[Opening Supplied records section]

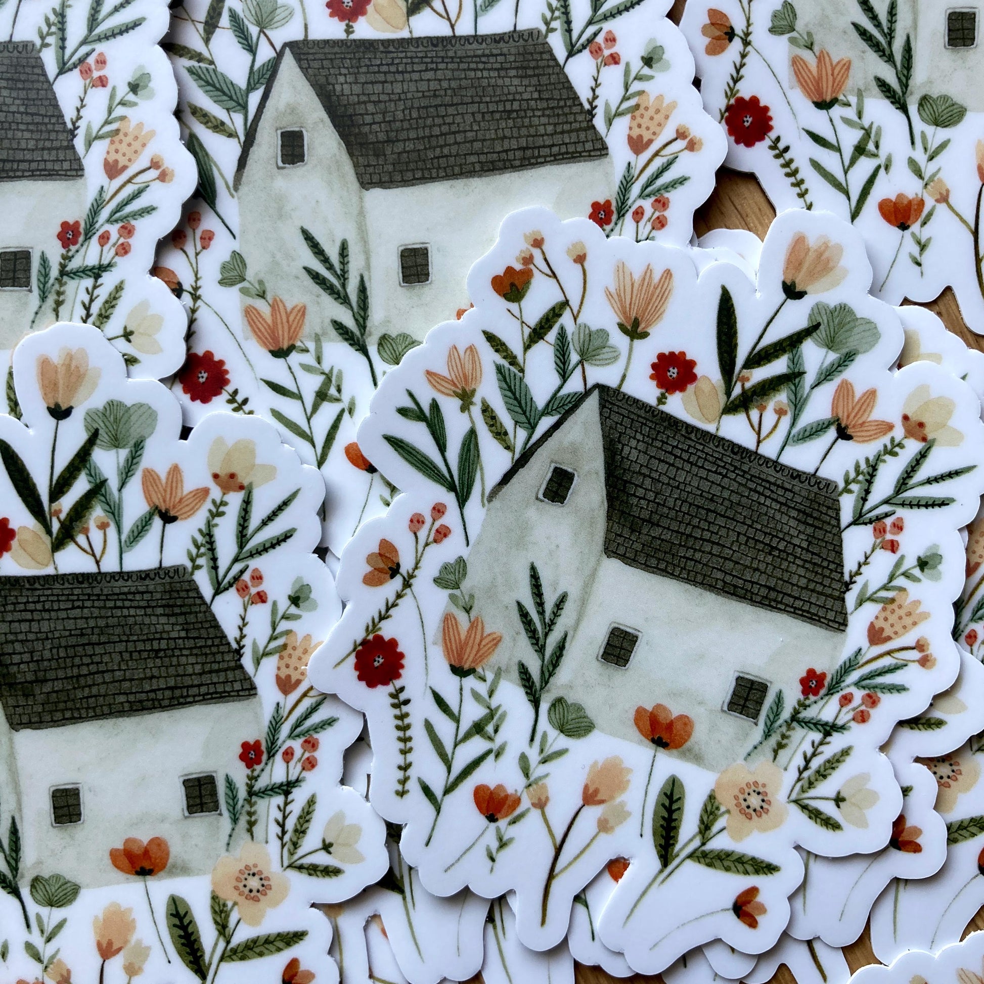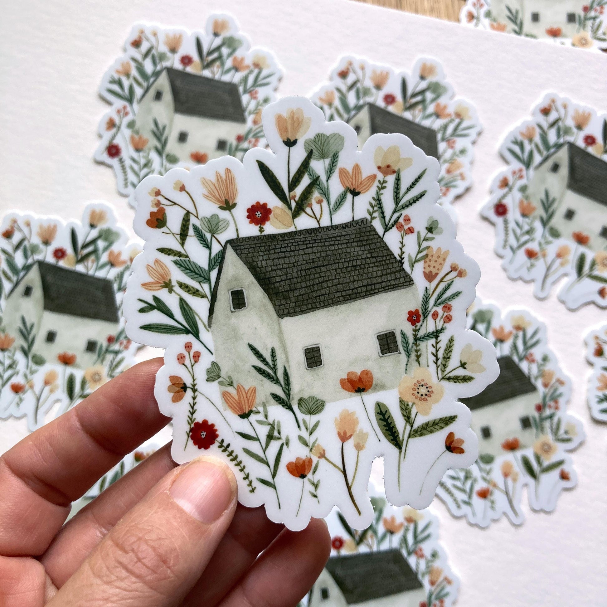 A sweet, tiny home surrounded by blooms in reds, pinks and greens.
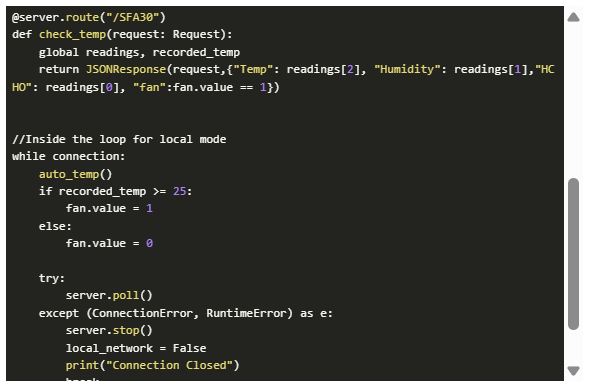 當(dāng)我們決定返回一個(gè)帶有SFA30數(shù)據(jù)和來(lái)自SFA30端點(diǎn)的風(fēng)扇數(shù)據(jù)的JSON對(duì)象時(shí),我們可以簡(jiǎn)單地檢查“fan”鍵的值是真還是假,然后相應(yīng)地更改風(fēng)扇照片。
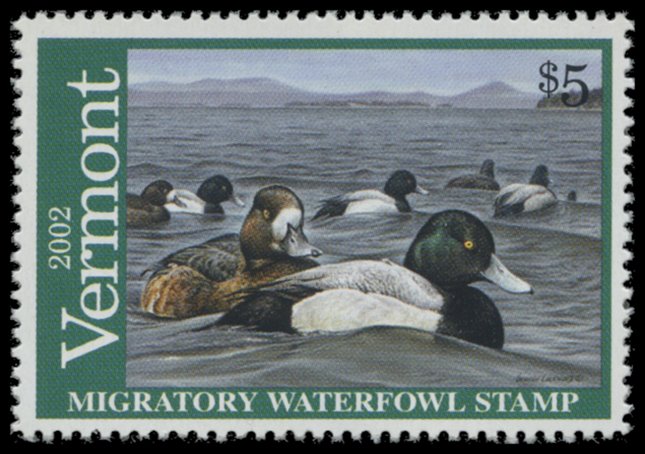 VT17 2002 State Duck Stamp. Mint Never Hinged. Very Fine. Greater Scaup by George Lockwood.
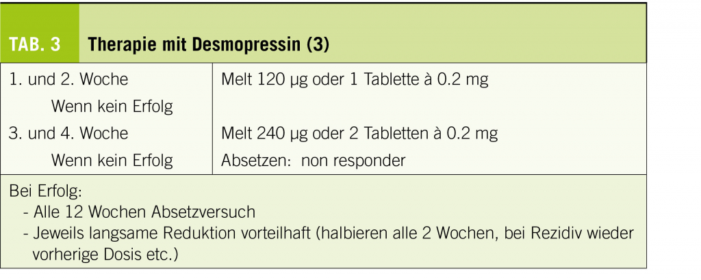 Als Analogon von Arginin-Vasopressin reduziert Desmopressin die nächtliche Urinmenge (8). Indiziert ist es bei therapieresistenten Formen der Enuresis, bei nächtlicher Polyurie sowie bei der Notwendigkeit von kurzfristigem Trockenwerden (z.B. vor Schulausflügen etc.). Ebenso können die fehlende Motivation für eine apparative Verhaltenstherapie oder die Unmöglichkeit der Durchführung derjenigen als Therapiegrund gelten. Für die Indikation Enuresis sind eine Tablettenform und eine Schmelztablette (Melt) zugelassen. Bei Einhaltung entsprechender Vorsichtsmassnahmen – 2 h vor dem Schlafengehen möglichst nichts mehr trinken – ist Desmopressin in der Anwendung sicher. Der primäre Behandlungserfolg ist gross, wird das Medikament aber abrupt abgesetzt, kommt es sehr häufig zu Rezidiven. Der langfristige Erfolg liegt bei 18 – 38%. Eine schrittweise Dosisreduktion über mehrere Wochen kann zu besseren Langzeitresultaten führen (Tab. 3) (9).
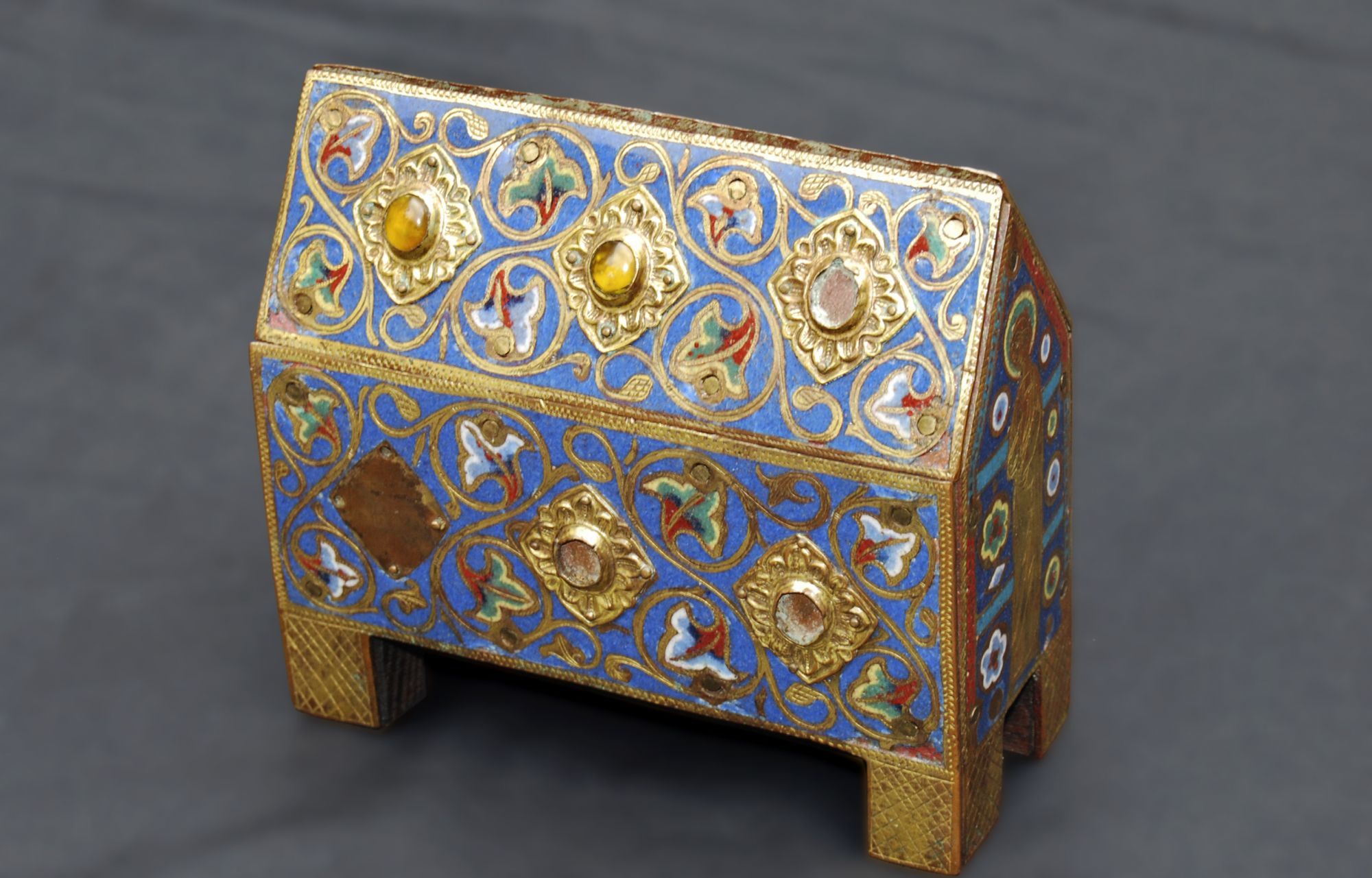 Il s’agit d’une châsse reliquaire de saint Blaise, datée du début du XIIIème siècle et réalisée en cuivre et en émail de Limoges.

[Closing Supplied records section]
[Opening Supplied records section]

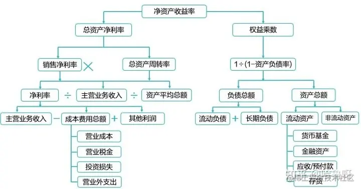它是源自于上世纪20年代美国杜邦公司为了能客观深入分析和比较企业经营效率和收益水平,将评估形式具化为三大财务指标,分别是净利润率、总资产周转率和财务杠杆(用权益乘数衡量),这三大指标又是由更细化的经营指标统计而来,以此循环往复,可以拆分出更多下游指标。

[Closing Supplied records section]

Problem description ->
I'd like the lines above repeated exactly, from the one that contains "VT17 2002 State" through the one that contains "Il s’agit d’une", with no pictures.

Answer space ->
 VT17 2002 State Duck Stamp. Mint Never Hinged. Very Fine. Greater Scaup by George Lockwood.
 Als Analogon von Arginin-Vasopressin reduziert Desmopressin die nächtliche Urinmenge (8). Indiziert ist es bei therapieresistenten Formen der Enuresis, bei nächtlicher Polyurie sowie bei der Notwendigkeit von kurzfristigem Trockenwerden (z.B. vor Schulausflügen etc.). Ebenso können die fehlende Motivation für eine apparative Verhaltenstherapie oder die Unmöglichkeit der Durchführung derjenigen als Therapiegrund gelten. Für die Indikation Enuresis sind eine Tablettenform und eine Schmelztablette (Melt) zugelassen. Bei Einhaltung entsprechender Vorsichtsmassnahmen – 2 h vor dem Schlafengehen möglichst nichts mehr trinken – ist Desmopressin in der Anwendung sicher. Der primäre Behandlungserfolg ist gross, wird das Medikament aber abrupt abgesetzt, kommt es sehr häufig zu Rezidiven. Der langfristige Erfolg liegt bei 18 – 38%. Eine schrittweise Dosisreduktion über mehrere Wochen kann zu besseren Langzeitresultaten führen (Tab. 3) (9).
 Il s’agit d’une châsse reliquaire de saint Blaise, datée du début du XIIIème siècle et réalisée en cuivre et en émail de Limoges.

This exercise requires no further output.